_WHAT YOU NEED TO DO_.
Everything in the listing below must be set down again exactly, apart from the pictures.

(RECORDED INFORMATION)

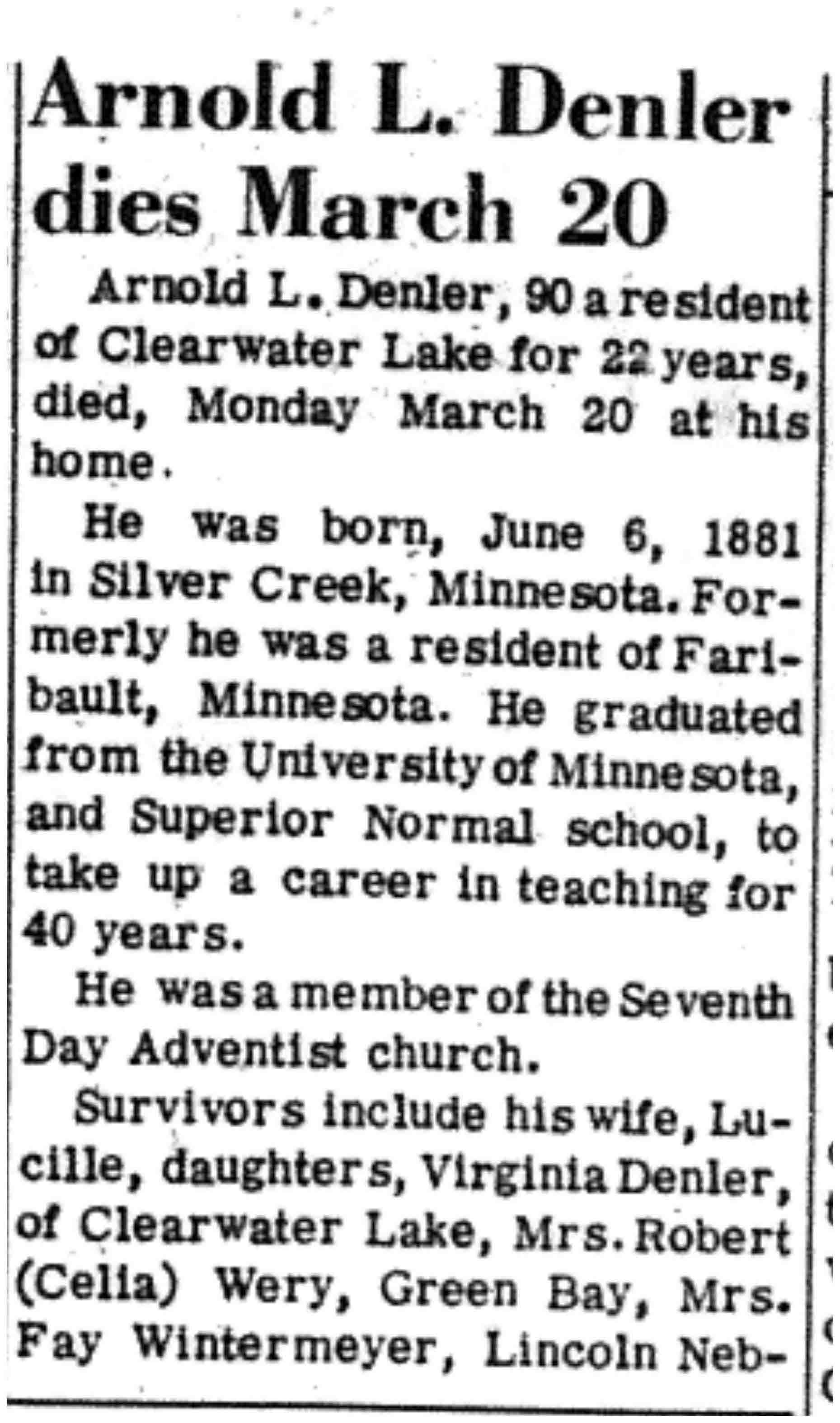 | Denler | Arnold L | 06 Jun 1881 | 20 Mar 1972 | VCN | 30 Mar 1972 | 7 |
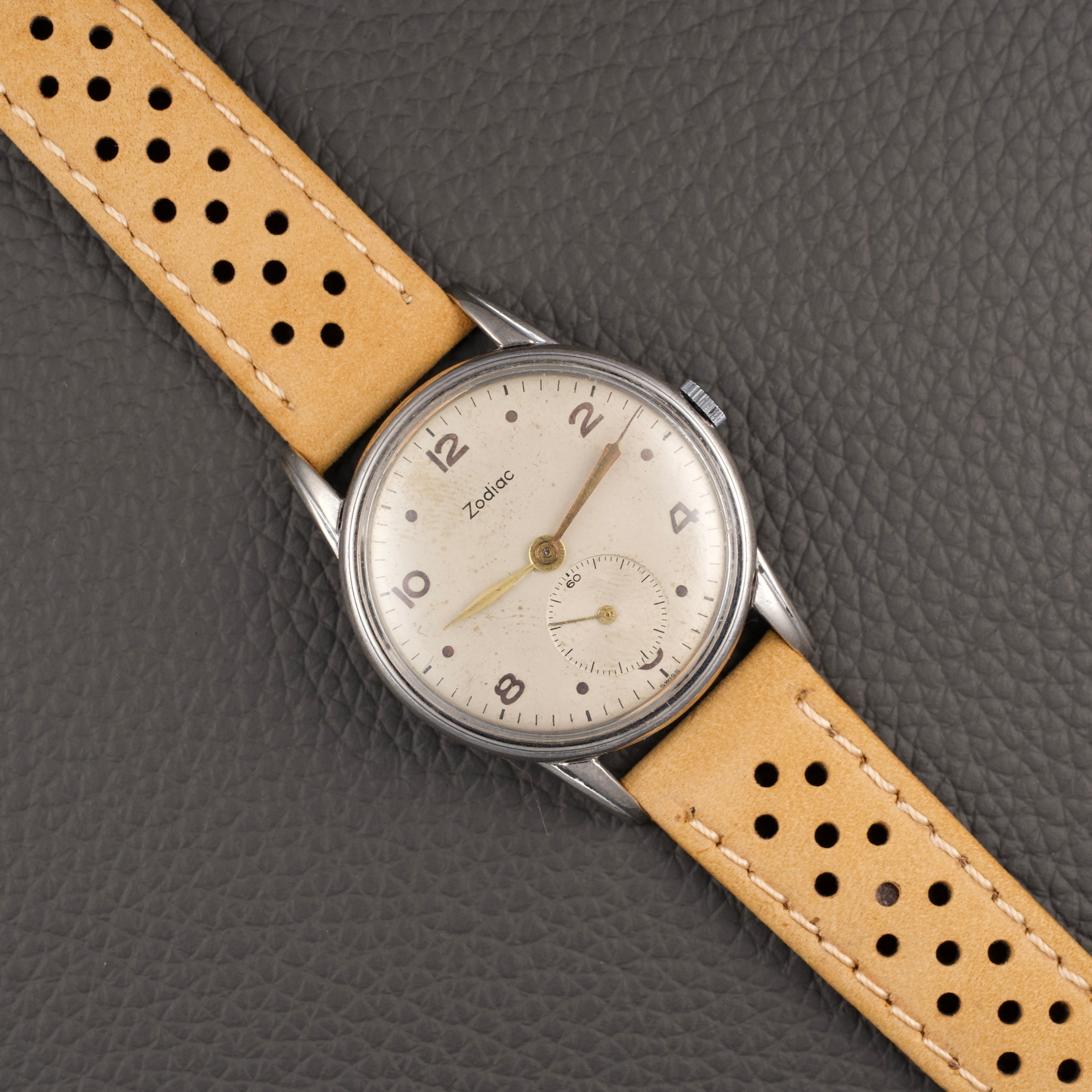 La Zodiac référence 956 est une montre mécanique typique des années 1960, période durant laquelle la marque suisse proposait des garde-temps robustes, élégants et accessibles, tout en conservant une véritable identité horlogère.
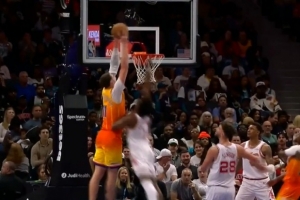 内线守不住!黄蜂追打申京 卡尔克布伦纳空接暴扣打进加罚
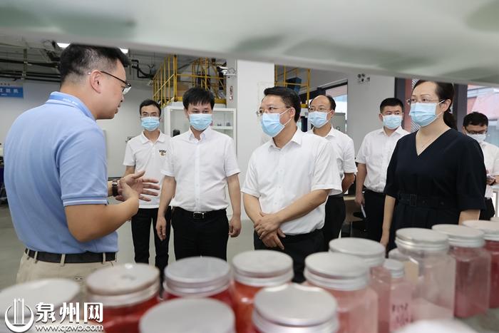7月4日,省委常委、泉州市委书记刘建洋到晋江市创新创业创造园约克新材料科技有限公司调研。 (陈起拓 摄)

(End RECORDED INFORMATION)

_SOLVED PROBLEM_.
 | Denler | Arnold L | 06 Jun 1881 | 20 Mar 1972 | VCN | 30 Mar 1972 | 7 |
 La Zodiac référence 956 est une montre mécanique typique des années 1960, période durant laquelle la marque suisse proposait des garde-temps robustes, élégants et accessibles, tout en conservant une véritable identité horlogère.
 内线守不住!黄蜂追打申京 卡尔克布伦纳空接暴扣打进加罚
7月4日,省委常委、泉州市委书记刘建洋到晋江市创新创业创造园约克新材料科技有限公司调研。 (陈起拓 摄)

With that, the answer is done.